::: Raw data

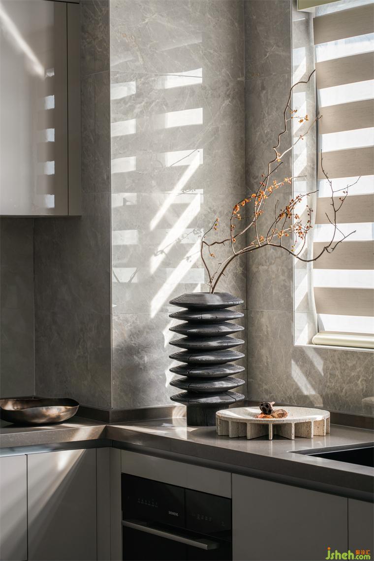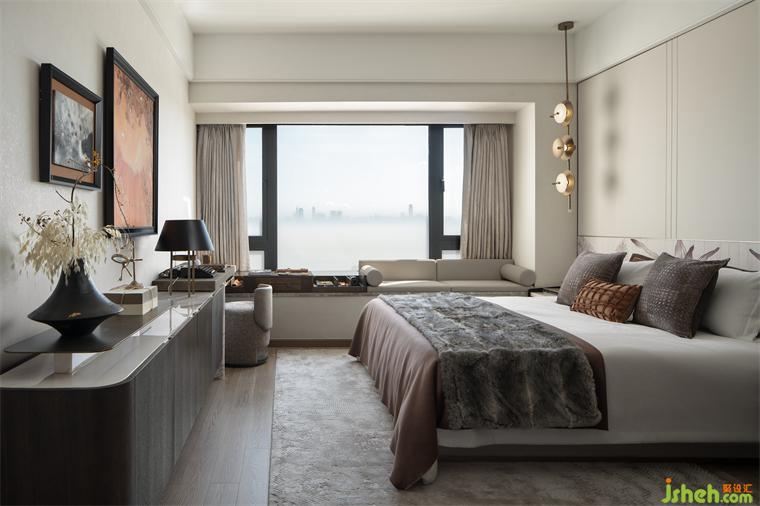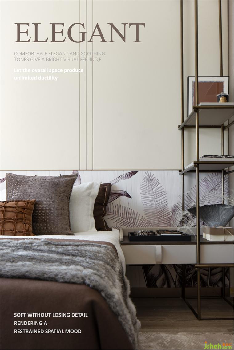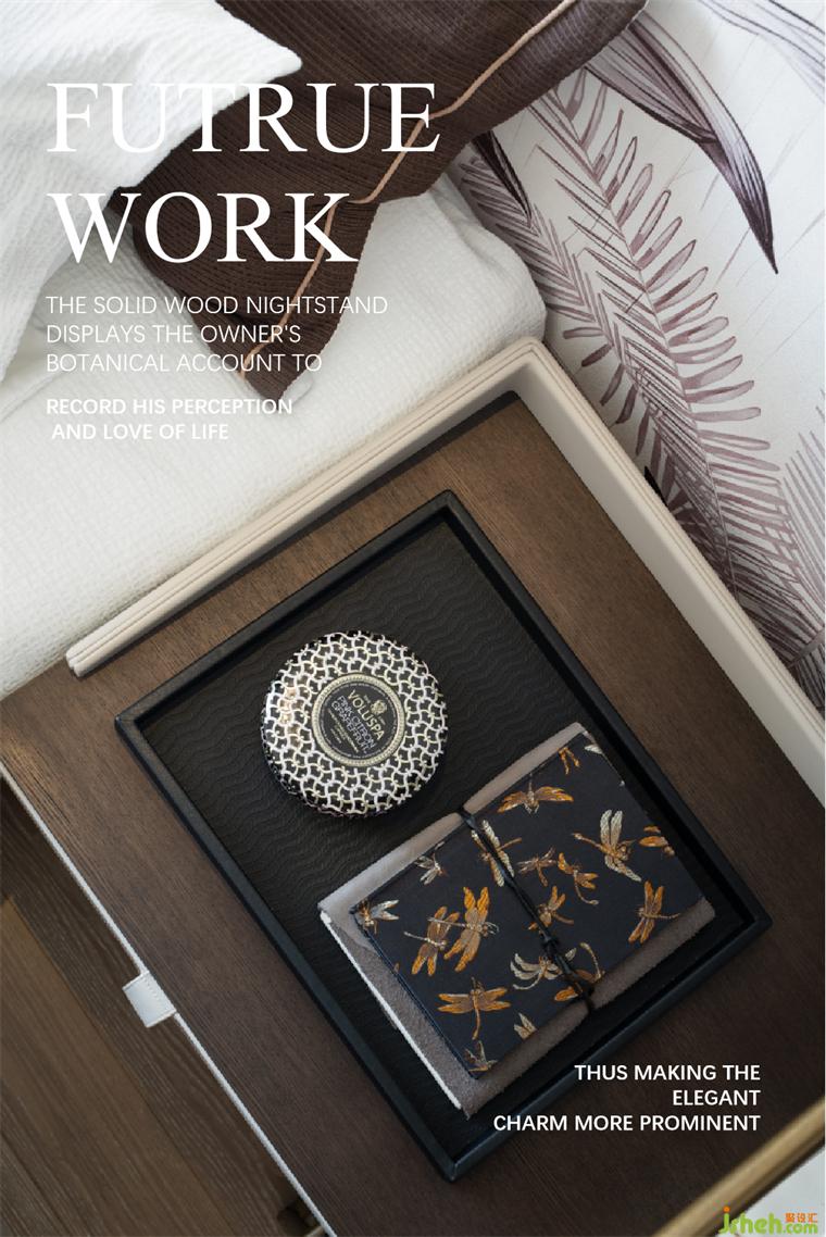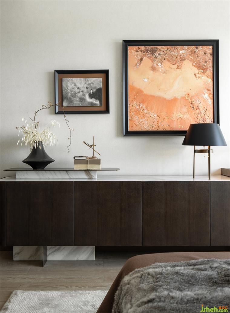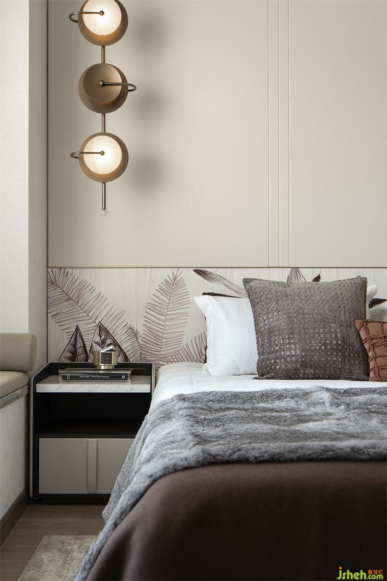 實(shí)木床頭柜展示著主人的植物手賬,樣板房設(shè)計(jì)記錄了他對生活的感知與熱愛,臺燈與藝術(shù)花器錯落有致,從而讓雅致的韻味更為突出。
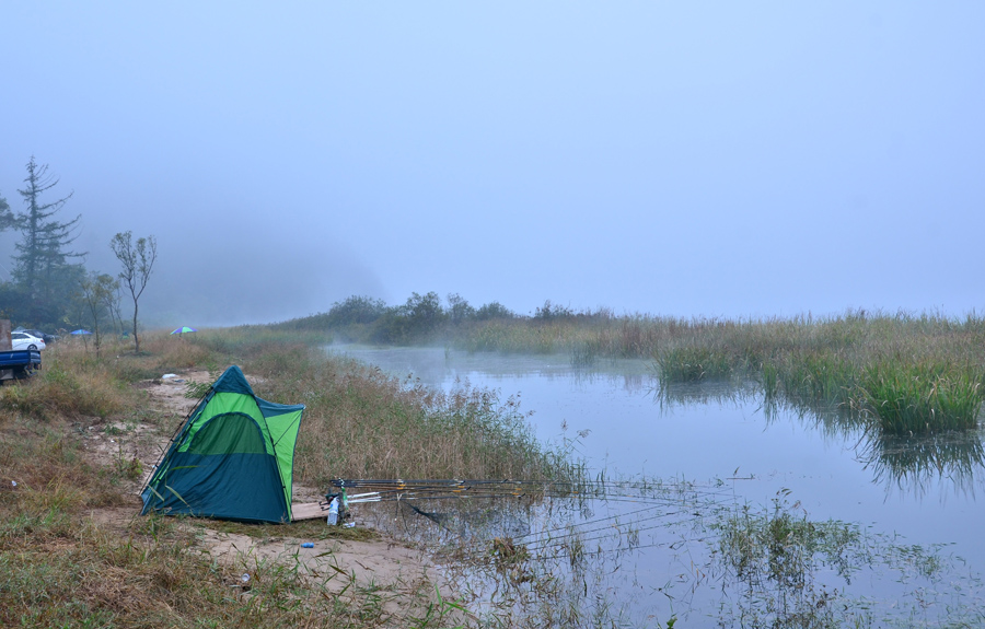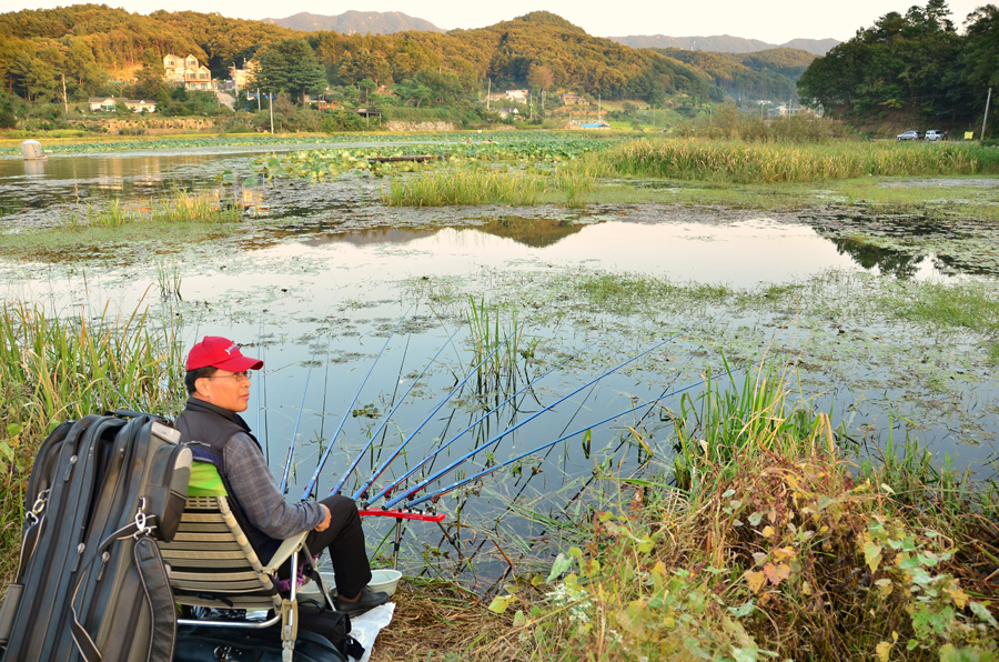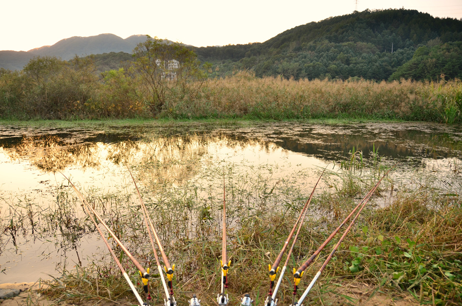 | 이렇게 세워논 찌에서 붕어가 낚입니다. |
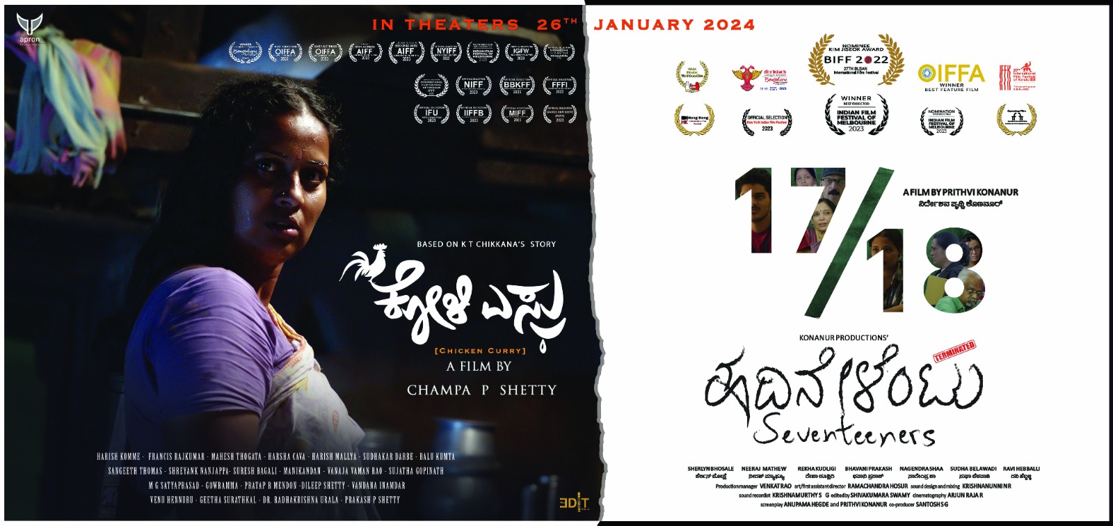 ಚಂಪಾ.ಪಿ. ಶೆಟ್ಟಿ ನಿರ್ದೇಶನದ “ಕೋಳಿ ಎಸ್ರು” ಹಾಗೂ ಪೃಥ್ವಿ ಕೊಣನೂರು ನಿರ್ದೇಶಿಸಿರುವ “ಹದಿನೇಳೆಂಟು” ಚಿತ್ರಗಳು ಈ ವರ್ಷ ಅಂತಾರಾಷ್ಟ್ರೀಯ ಮಟ್ಟದಲ್ಲಿ ಕನ್ನಡಕ್ಕೆ ಹೆಸರು ತಂದು ಕೊಟ್ಟಿರುವಂತಹ ಎರಡು ಚಿತ್ರಗಳು. ಜನವರಿ 26 ರಂದು ಈ ಎರಡೂ ಚಿತ್ರಗಳು ಕರ್ನಾಟಕದಾದ್ಯಂತ ಎಲ್ಲಾ ಮಲ್ಟಿಪ್ಲೆಕ್ಸ್ ಚಿತ್ರಮಂದಿರಗಳಲ್ಲಿ ಬಿಡುಗಡೆಯಾಗಲಿದೆ.

::::::

§ Work required
What the answer must hold: all the data above, given again exactly, without pictures.

§ Response for this exercise
 實(shí)木床頭柜展示著主人的植物手賬,樣板房設(shè)計(jì)記錄了他對生活的感知與熱愛,臺燈與藝術(shù)花器錯落有致,從而讓雅致的韻味更為突出。
 | 이렇게 세워논 찌에서 붕어가 낚입니다. |
 ಚಂಪಾ.ಪಿ. ಶೆಟ್ಟಿ ನಿರ್ದೇಶನದ “ಕೋಳಿ ಎಸ್ರು” ಹಾಗೂ ಪೃಥ್ವಿ ಕೊಣನೂರು ನಿರ್ದೇಶಿಸಿರುವ “ಹದಿನೇಳೆಂಟು” ಚಿತ್ರಗಳು ಈ ವರ್ಷ ಅಂತಾರಾಷ್ಟ್ರೀಯ ಮಟ್ಟದಲ್ಲಿ ಕನ್ನಡಕ್ಕೆ ಹೆಸರು ತಂದು ಕೊಟ್ಟಿರುವಂತಹ ಎರಡು ಚಿತ್ರಗಳು. ಜನವರಿ 26 ರಂದು ಈ ಎರಡೂ ಚಿತ್ರಗಳು ಕರ್ನಾಟಕದಾದ್ಯಂತ ಎಲ್ಲಾ ಮಲ್ಟಿಪ್ಲೆಕ್ಸ್ ಚಿತ್ರಮಂದಿರಗಳಲ್ಲಿ ಬಿಡುಗಡೆಯಾಗಲಿದೆ.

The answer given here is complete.